Bruce’s face twitched at the fact that she hadn’t even noticed, and he didn’t know how long the child had been free of the backpack. Long enough for it to look like it’d been dragged from a different exhibit.
Bruce looked back at the little escape artist, “May I pick you up, chum?” The little boy’s eyes brightened, excited.
“Rocket!” He bounced a little on his toes, hands held up excitedly.
Bruce was disappointed, himself, that he had no clue what this boy was asking for, “Not right now, but maybe later.” Bruce was quick to tack on the last part as the boy deflated. Propping the little boy on his hip, he made his way over to ‘mommy.’ “Excuse me, ma’am- ma’am?” It took several calls, and even waving his hand in her eyesight, to get the woman’s attention - and Bruce’s displeasure with the woman steadily increased the longer it took. “You appear to have misplaced a budding astronaut.”

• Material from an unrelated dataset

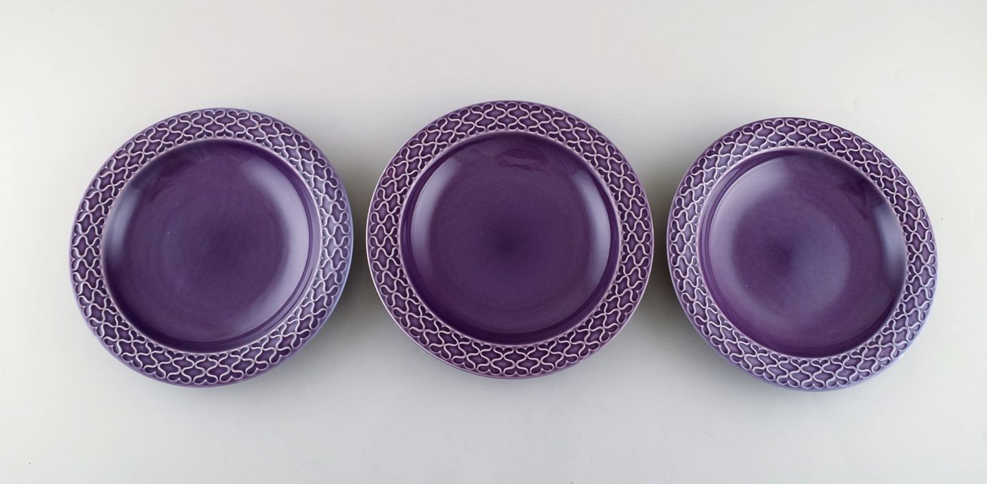 Jens H. Quistgaard for Bing & Grondahl. Three purple "Cordial Palet" soup / pasta plates in glazed stoneware. 1960's. Stamped. In very good condition. 1st factory quality. Measures: 21.5 x 3 cm.

She barely even glanced at the little boy before negating his statement, “no I didn’t, he’s right-“ finally, she noticed the childless backpack, her head snapping back to Bruce, “Daniel James Fenton! I told you to stop taking your backpack off!”

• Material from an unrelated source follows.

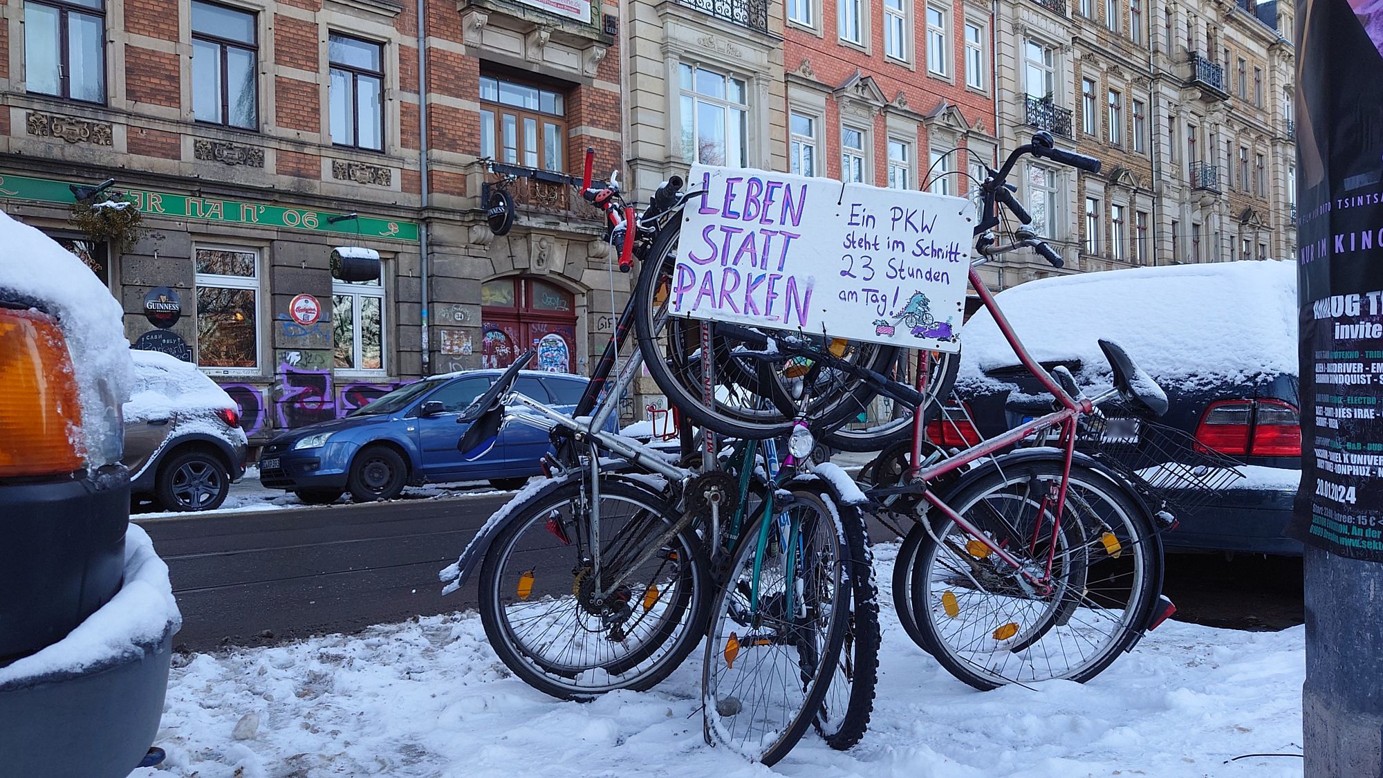 In der Nacht des 18. Januar 2024 haben Dresdner Aktivist*innen mithilfe von aneinandergeketteten Fahrrädern einen halben Parkplatz am Bischofsweg in der Äußeren Neustadt blockiert. Mit der Aktion wollen sie auf den übermäßigen Flächenverbrauch von Autos aufmerksam machen. Unter dem Motto „Leben statt Parken“ fordern sie die Umgestaltung des öffentlichen Raumes.

“But- but shtarsh, mommy!” The little boy indignantly argued back with the woman, and Bruce had to quickly school his face to not smile at Daniel’s attitude.

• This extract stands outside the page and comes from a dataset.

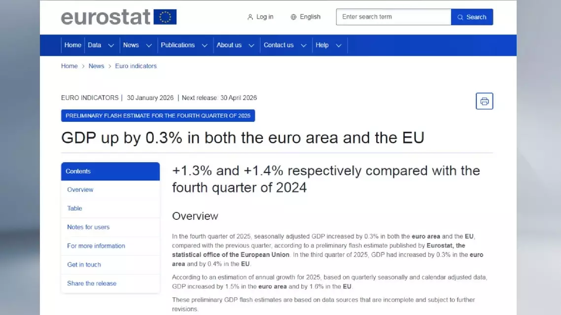 The figures are based on quarterly seasonally and calendar-adjusted data. Growth momentum moderated toward the end of the year, with seasonally adjusted GDP in both the euro area and the EU rising 0.3 percent quarter-on-quarter in the fourth quarter of 2025.

“That doesn’t mean you can wander off, Danny,” the woman huffed, before reaching out to steal- retrieve her son from Bruce. “Thank you, sir.”
Throughout the rest of the convention, Bruce caught glimpses of the bright-eyed little boy with his mother and father, who was a man that Bruce could feasibly understand the young child confusing Bruce for… if he weren’t wearing an eye-piercing orange hazmat suit, and Bruce a tailored three-piece.
When it became clear that Bruce’s attachment to the little boy didn’t fade with time and distance the way it normally did, he allowed himself just one day in a year where he would indulge, letting himself use the resources available to him to check on the little boy. Last Bruce had seen, little Danny, who had just turned 14, - only a couple years older than Damian now that he thinks about it - was doing well in school and was on his way to becoming an astronaut.
Why was his little boy standing before Batman in dirty, ripped up, bloody clothes and an unnatural green light in his otherwise dull eyes?